General

Security Tools for the Budget Conscious ISP, Part II: Network Vulnerability Assessment Tools

by Lisa Phifer VP Core Competence, Inc. [January 30, 2004]

Internet scanning is obvious, but why scan from inside? Statistics show that insider attacks are actually more prevalent than outsider attacks. Moreover, if an attacker "gets root" on an Internet-facing server, that server can become a platform for penetrating deeper into your network, so it's a good idea to minimize how much can be seen from anywhere. Inside scans often identify services you didn't know were running—even hosts you didn't realize existed.

For software that can help you conduct your own network vulnerability assessment, here's a non-exhaustive list of commercial scanners:

• Cycorp CycSecure Scanner
• eEye Retina Network Security Scanner
• Foundstone Professional Scanner
• GFI LANguard Network Security Scanner
• ISS Internet Scanner
• SAINT Vulnerability Scanner
• Symantec NetRecon Scanner

Typically, you install scanner software on a test platform and use a discovery module to map target network(s), starting from specified subnets or hostnames. You then scan discovered nodes, controlling scope and depth by selecting from built-in tests. Results may be written to report files or a database for later comparison. Commercial scanners usually make it easy to start with built-in tests, define a scan profile, establish a baseline, and repeat that scan at intervals to spot changes.
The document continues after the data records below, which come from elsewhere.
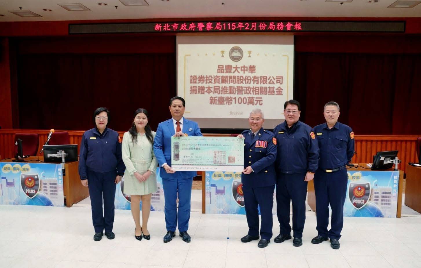 為展現企業社會責任,品豐大中華證券投資顧問股份有限公司於近日慷慨捐贈新臺幣100萬元予新北市政府警察局,專款用於推動警政相關基金。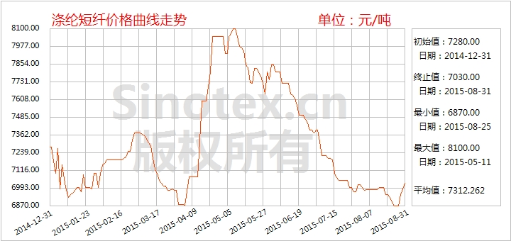 【錦橋紡織網(wǎng)專稿】2015年8月,滌綸短纖跟隨聚酯大盤窄幅震蕩,走勢先抑后揚(yáng),價(jià)格創(chuàng)年內(nèi)新低后于月末小幅反彈。滌綸短纖整體走勢窄幅震蕩,價(jià)格累計(jì)小幅下調(diào)150元/噸至6870元/噸(8月25日)的年度新低,跌幅較7月份明顯減緩,市場成交氣氛清淡;唯月末二日(28日和29日),油價(jià)帶動(dòng)PTA期貨大漲,聚酯大盤氣氛向上,滌綸短纖集中反彈230元/噸,收回了全月跌幅,并且市場采購成交氣氛較好。近期成本大降,滌綸短纖現(xiàn)金流盈利逾500元/噸。后期走勢需關(guān)注原油、聚酯原料價(jià)格及下游旺季啟動(dòng)情況。8月31日統(tǒng)計(jì),1.4D直紡滌綸短纖價(jià)格累計(jì)小幅上漲80元/噸,漲幅1.14%,月末價(jià)格7100元/噸,運(yùn)行在7000元/噸整數(shù)位之上(見表一),比同期國內(nèi)3128B級(jí)棉花現(xiàn)貨價(jià)格指數(shù)低59796118元/噸,價(jià)差較上月縮小138元/噸。月末,江浙1.4D直紡滌綸短纖主流報(bào)價(jià)7150-7200元/噸出廠;福建1.4D直紡滌綸短纖主流報(bào)加6900-7000元/噸短送;山東、河北1.4直紡滌綸短纖主流報(bào)價(jià)7150-7250元/噸送到。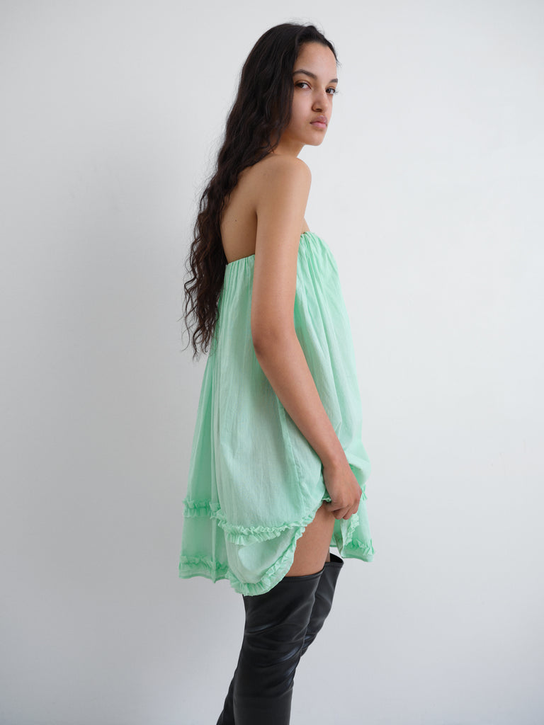 Green women's mini dress in lightweight cotton. Features elastic waistband, inner corset-style structure and layered ruffles at the hem. It can also be used as a midi skirt. Finished with a gathered texture.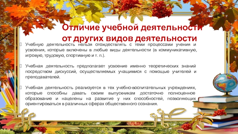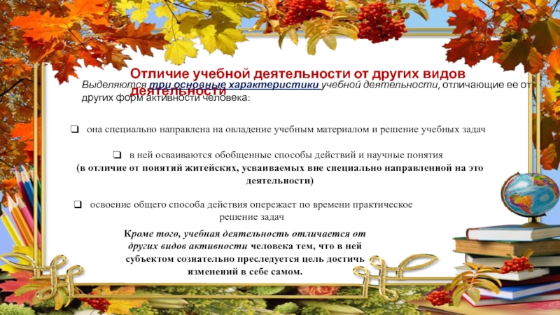 Основные характеристики учебной деятельности, отличающие ее от других форм учения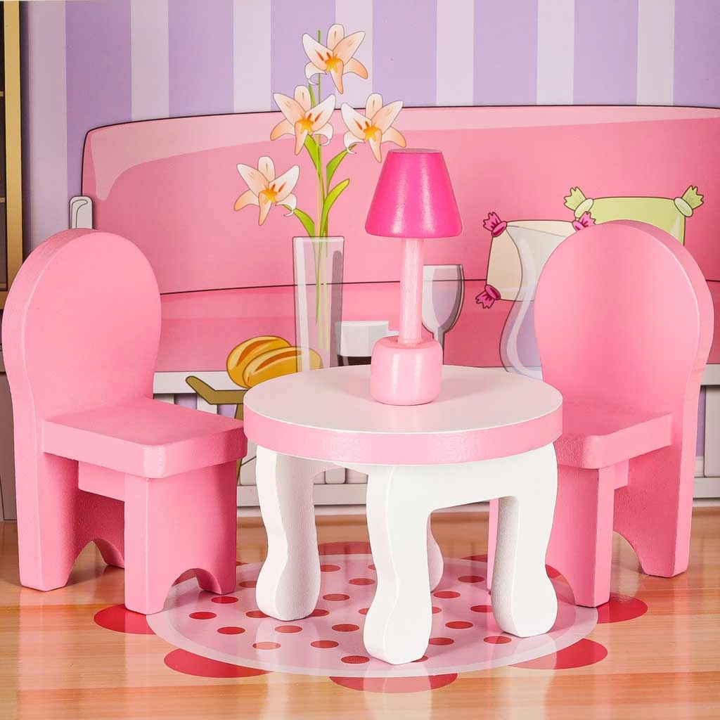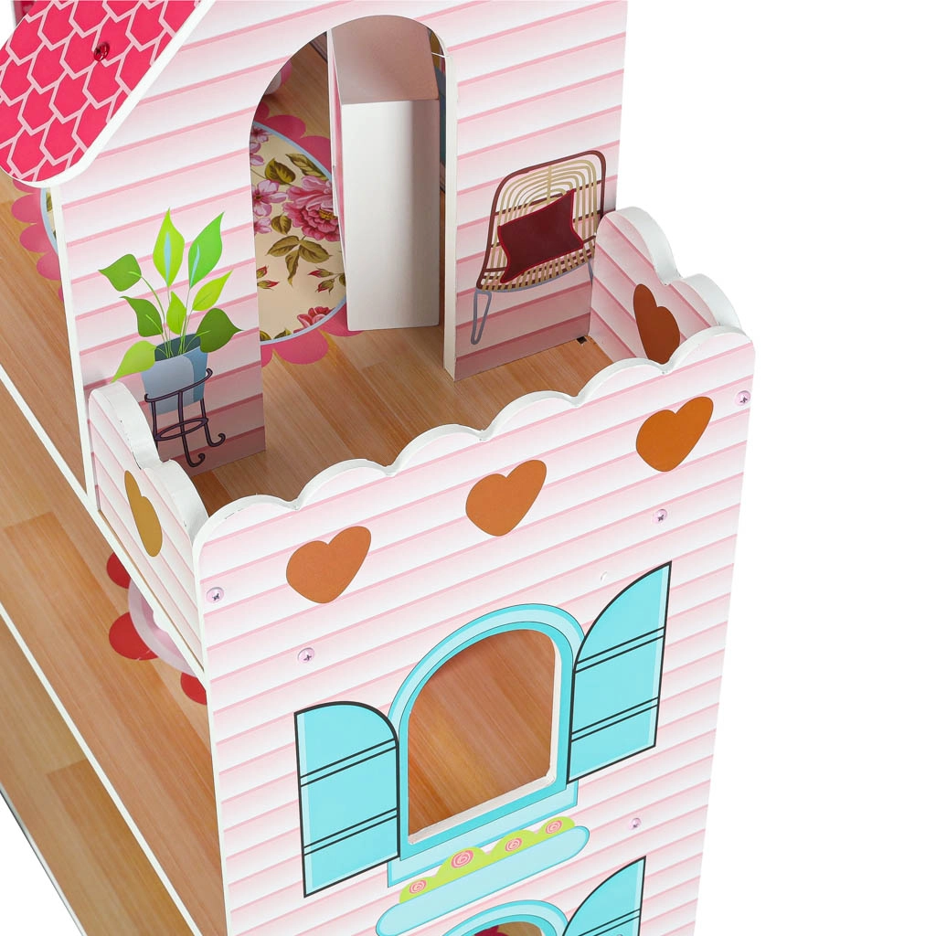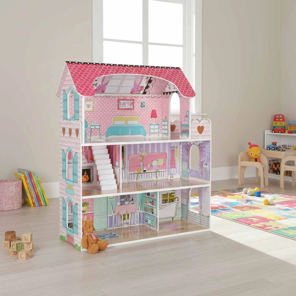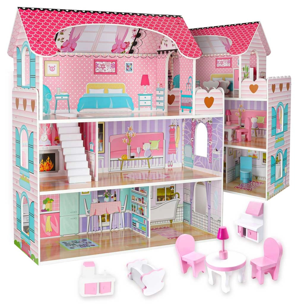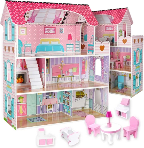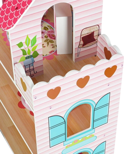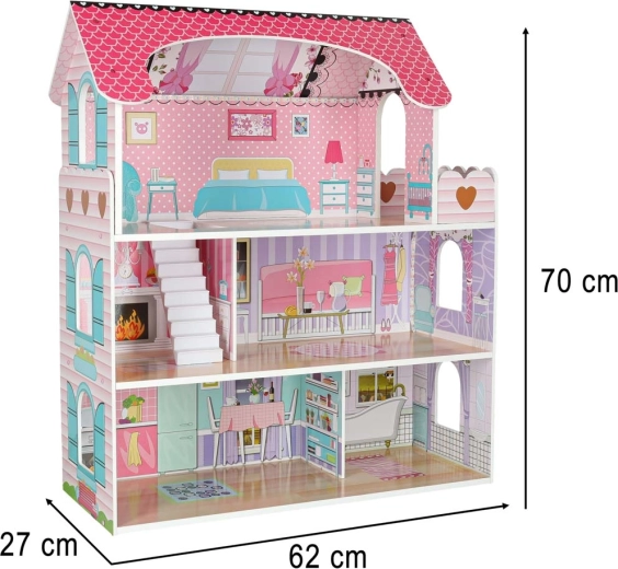 Velika drvena kućica za lutke razveselit će djecu i roditelje. Tri prostrana kata skrivaju kuhinju, kupaonicu, spavaću sobu, dnevni boravak i stubište s balkonom. Bogat set drvenih dodataka i realistični otisci zidova potiču kreativnu igru uloga i razvoj fine motorike.

Some commercial scanners use open source tools as a foundation, wrapping them inside more friendly graphical interfaces, automated sequencing and scheduling, stronger reporting features, and extended result analysis. But if you'd rather roll-your-own and invest a little elbow grease, here are some handy no-cost network scan tools:

• Foundstone ScanLine is for those who prefer a command line tool for highly-parallel scanning of very large networks. This free Windows-based utility supports ICMP timestamp scanning, TCP scanning, UDP scanning, and banner grabs.
• Foundstone's SuperScan is a very fast, multi-threaded, asynchronous TCP-based port scanner, ICMP pinger, and hostname resolver. This free tool can scan any IP or port range (including built-in port lists) and automatically connect to any discovered port with configurable "helper" applications. Free companion tools include Trout, MessengerScanCheck, SQLScan, BOPing, CIScan, and RPCScan. To view sample SuperScan output, click here.
• Internet Security Scanner was originally developed as shareware before being commercialized by ISS; old unsupported-but-free software is still available from several Web sites. This popular command line scanner checks for common vulnerabilities related to services like Telnet, Sendmail, FTP, NIS, and NFS.
• Nessus is a very popular, easy-to-use open source security scanner. Nessus Server source code and binaries are available for just about any *NIX system. The Nessus GUI Client runs separately on *NIX or Win32 hosts. Over 1200 security tests have been developed as Nessus plug-ins. Or you can also write your own tests using the Nessus Attack Scripting Language.
• Nmap ("Network Mapper") is a popular open source tool for exploring networks, large and small. Nmap uses raw IP packets to identify hosts, operating systems, services, software versions, and configured filters. Nmap and NmapFE (an X-Windows GUI) are available in many formats, including source code, Windows (95/98/NT/ME/2K/XP), MacOS X, Linux RPM, FreeBSD, OpenBSD, Solaris, and HP-UX. To view sample Nmap output, click here.
• Router Audit Tools (RAT) are a suite of freely-available command line tools that can scan devices running Cisco IOS for compliance with security settings recommended by the Center for Internet Security (CIS). RAT can run from any Windows or *NIX host with access to router config files. The RAT distribution includes a security configuration guide, questionnaire, and benchmark to help you get started.
• SARA (Security Auditor's Research Assistant) is a free updated version of the older Security Administrator Tool for Analyzing Networks (SATAN). SARA checks nodes for known vulnerabilities, including CVEs and the FBI/SANS Top 20. Results are stored in a database, viewed through any browser. SARA uses Perl and runs on most *NIX platforms.